Now, however, reports about harms and adverse outcomes about pharmacy prescribing from doctors continue to fall on deaf ears.
Repeated requests from RACGP for funding to have pharmacists working alongside GPs withing the clinical governance framework of general practice have also not been heard, and that’s despite the government warning GPs to set up multi-disciplinary teams or risk being left behind.
What’s a GP to do?
We’re at a crossroads.
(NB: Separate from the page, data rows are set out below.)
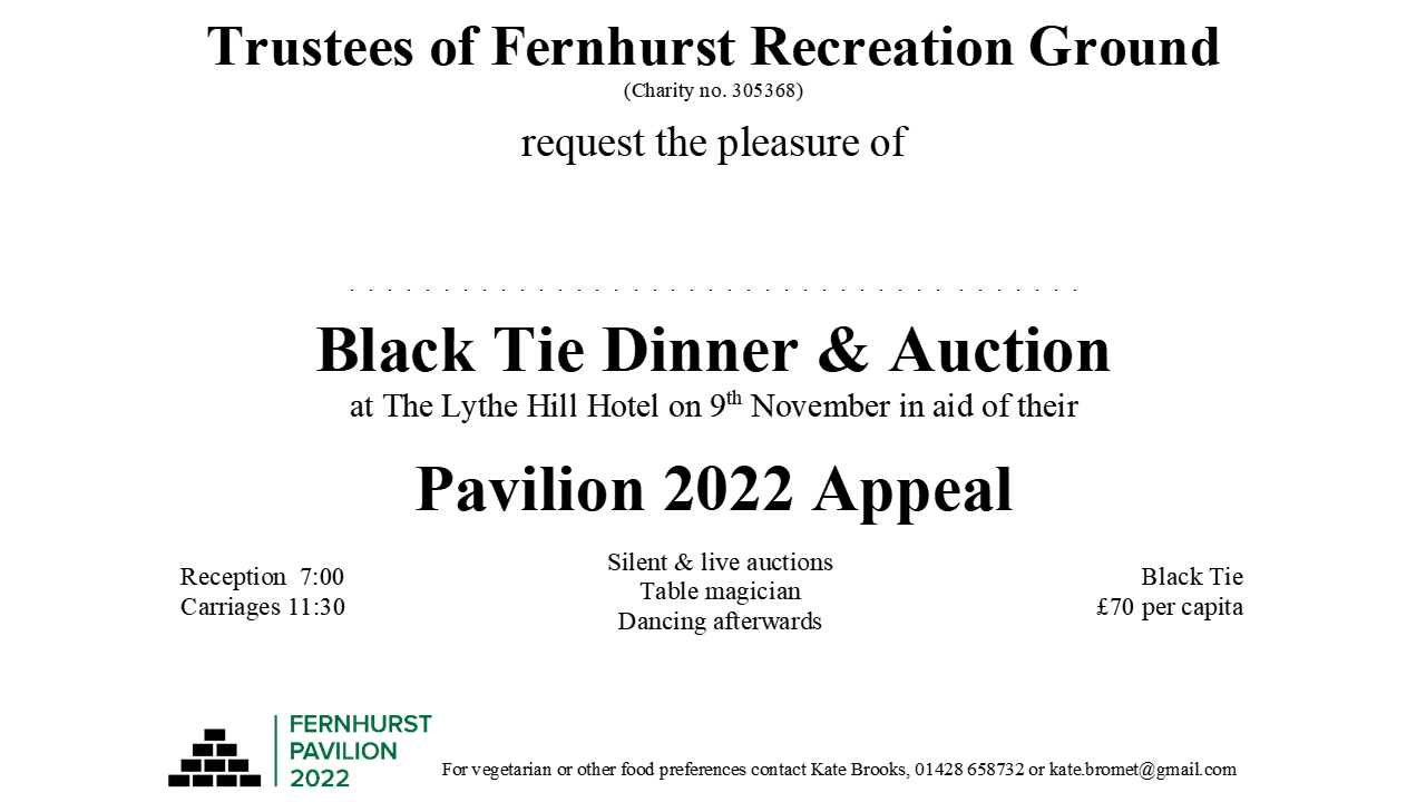 On 9th November at The Lythe Hill Hotel a Black Tie Dinner and Auction shall take place in support of Pavilion2022. Find out more. Tickets are available from kate.bromet@gmail.com.
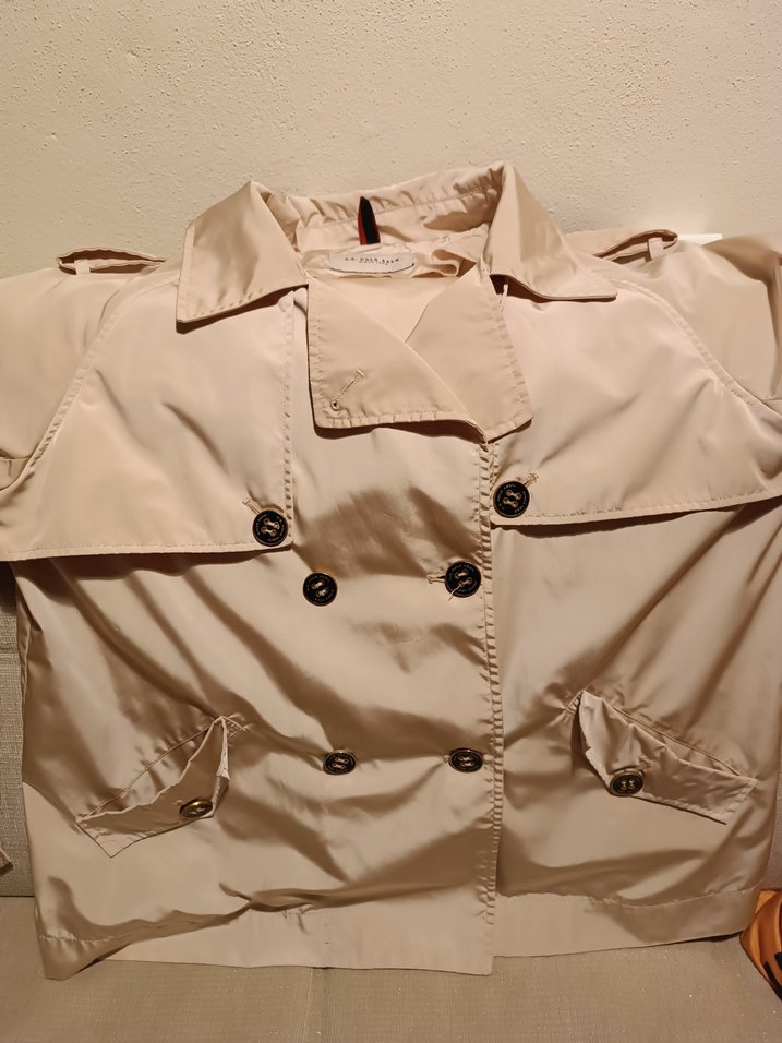 Açık bej renk, düğmeli, kisa boy.bol kesim kadın trençkot. orijinal.sorunsuz.temiz.2 kol arasi 56 cm aşağıya doğru hafif genişliyor A kesim gibi.44 beden ama 46 bedene de rahat oluyor.parasut kumaş
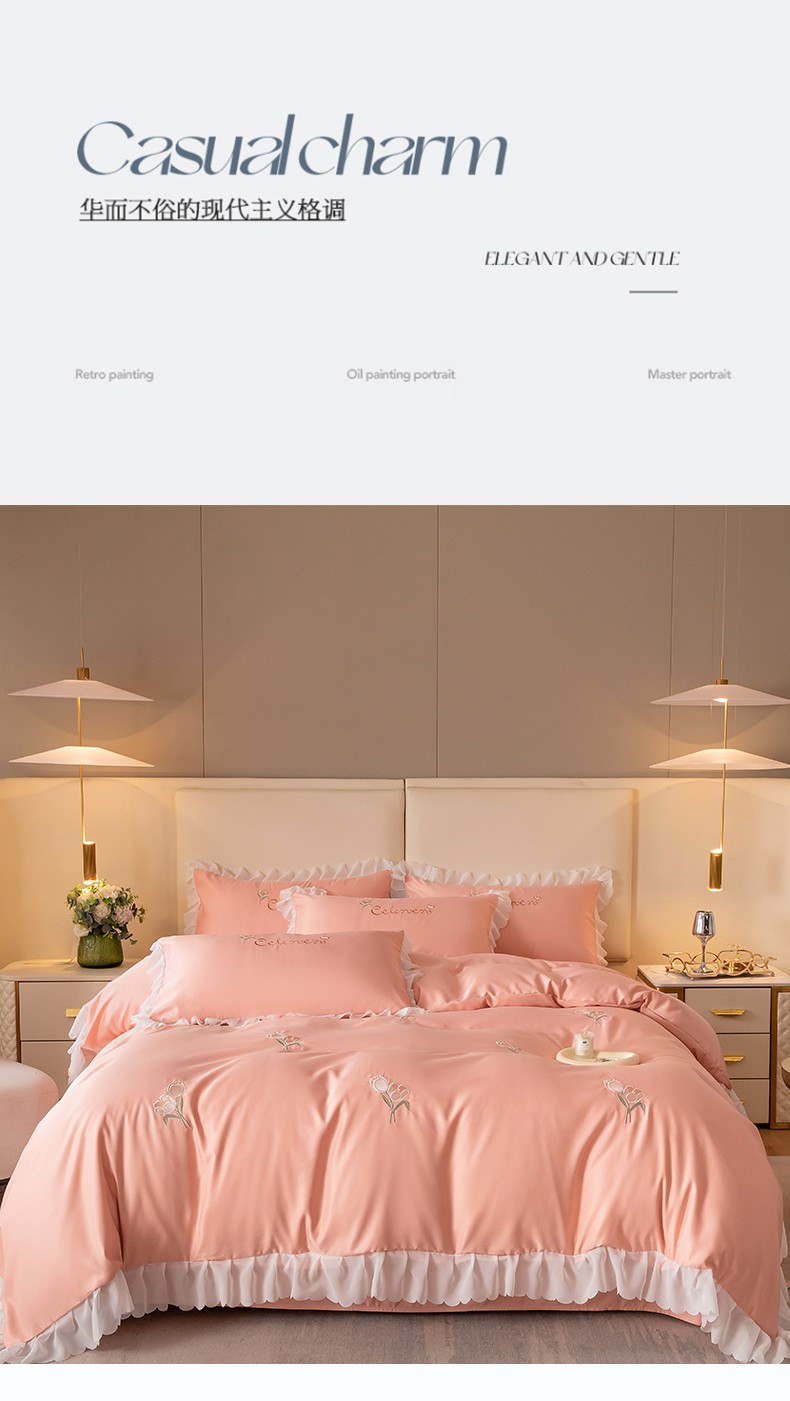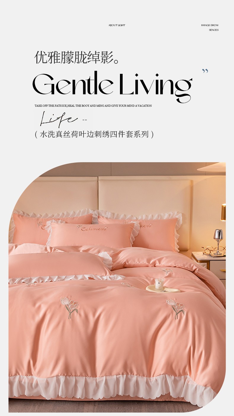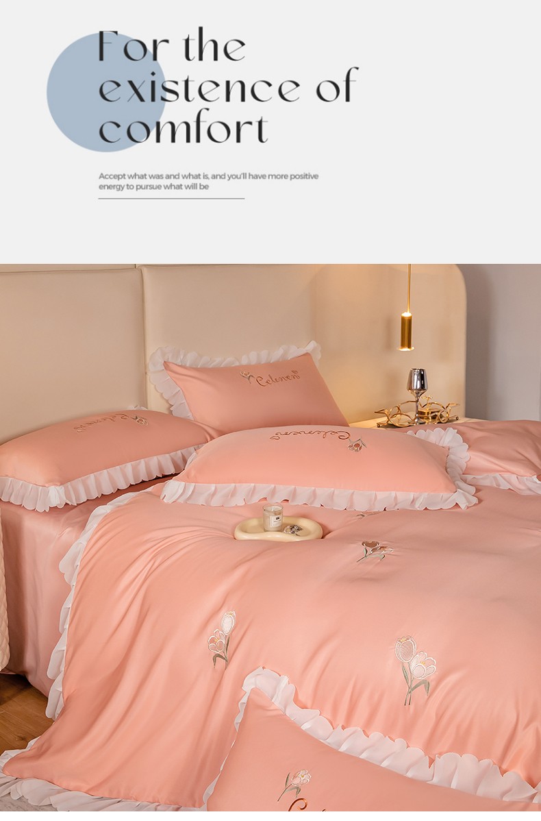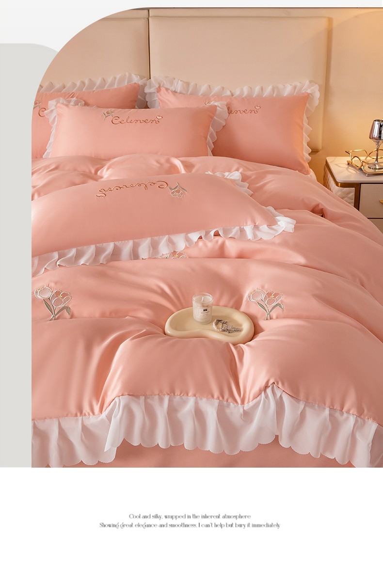 菲儿家纺 2023新款郁金香系列水洗真丝刺绣四件套 郁金香-桔
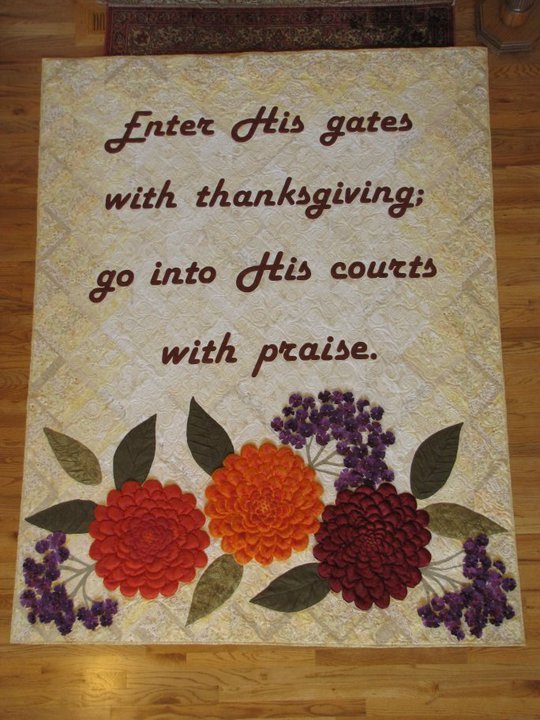 sbrim Thanksgiving church banner - Our church built a new sanctuary and I needed to make much bigger banners. This was made to celebrate our thankfulness for our new place of worship. Flowers are made with Texture magic.
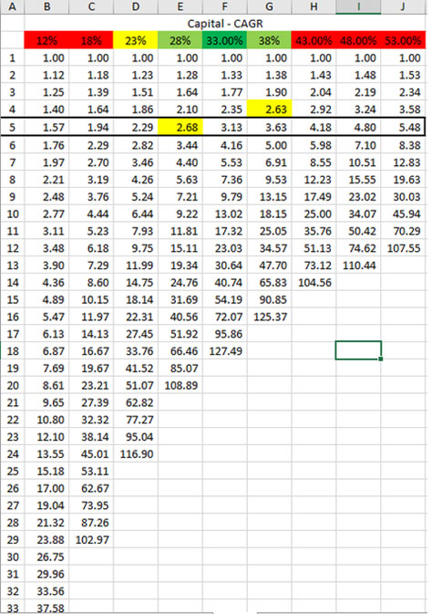 - Going by this logic, the sweet spot lies with the CAGR component of 28% to 38% where 100x might be possible within 16 to 20 years with minimal calculated RISK.
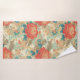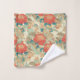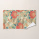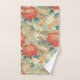 Beautiful towel set in a variety of peachy/orange, teal shades and soft browns, backed in a pale linen. Unique, elegant, and a great compliment to your beautiful home decor.
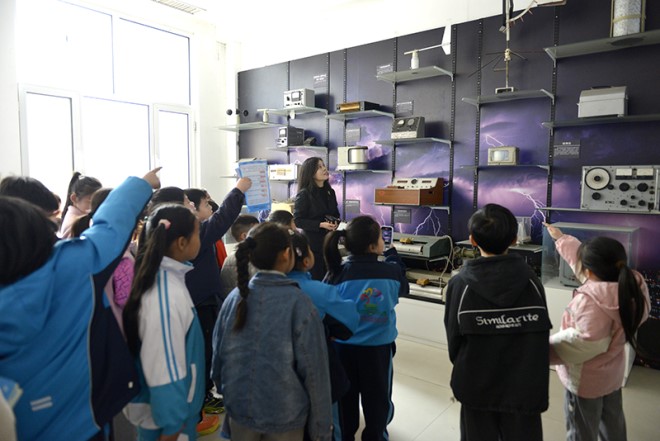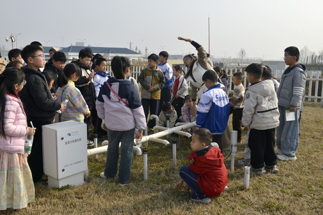 在“小小气象观测员”实践环节,小学生们在工作人员带领下,站在风向风速计旁学习辨别风向的方法,亲手操作人工观测设备测量降水量,并通过百叶箱中的温度表记录当日气温,沉浸式体验了气象观测的严谨与趣味。
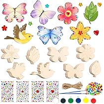 56 Stück Bastelsets Für Kinder, 40 Stück Schmetterling Holz Mit Aquarellstift & Edelsteinaufkleber, Beschäftigung Für Kindergeburtstag, Basteln Kindergeburtstag DIY Geburtstag Handwerk Basteln Kinder
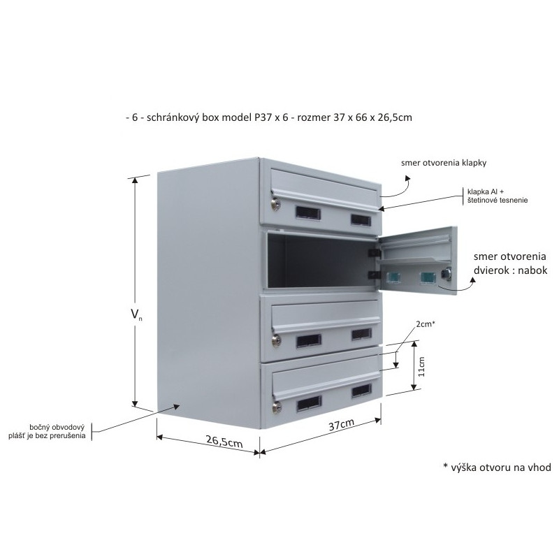• - 6 - schránkový box model M37/6 - rozmer 37 x 66 x 26,5cm / modul obsahuje 6. schránok
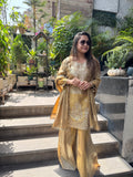 Elevate your presence with the Golden tissue Sharara Suit, an exquisite ensemble that intertwines opulence and sophistication. Adorned with intricate cut glass work and delicate thread embroidery, the two-tone design captures the essence of festivity and elegance, ensuring you radiate a regal charm at weddings and special occasions.

I do not want to work in or be treated as a patient in a system that resembles the NHS.
We must also recognise that the system needs changing, funding needs to move on from its 1984-based thinking, chronic and complex care needs to be managed appropriately, and a sustainable system must be designed.
We’ve been saying it for decades: a rational healthcare system has a flourishing general practice and a commitment to managing patients wherever possible in their communities and away from hospitals. The international literature is so clear on this, it screams the truth of it from all around the world.
The single biggest issue is it is so very easy to disparage and undermine what a GP does because it is poorly understood, it is difficult to demonstrate all the bad things you stop from happening, and if you don’t know better, you might think you can divide a person’s health into a series of finite tasks that can be delivered in disparate services throughout a dysfunctional system.
We could watch and wait and when it all falls apart say “we told you so”.
But I’d prefer to wrest back respect and recognition for my noble profession, assert the enormous super-power of the highly trained medical generalist, decline the invitation to endorse a dysfunctional model and instead offer up a sincere commitment to co-designing a primary care that will realise its potential to make Australian’s healthy and its health system exemplary.
We have the best healthcare system in the world. Any change we make must be certain to deliver better outcomes and not squander what we have.
Dr Anita Muñoz is a GP and chair of the Victoria Faculty, Royal Australian College of General Practitioners.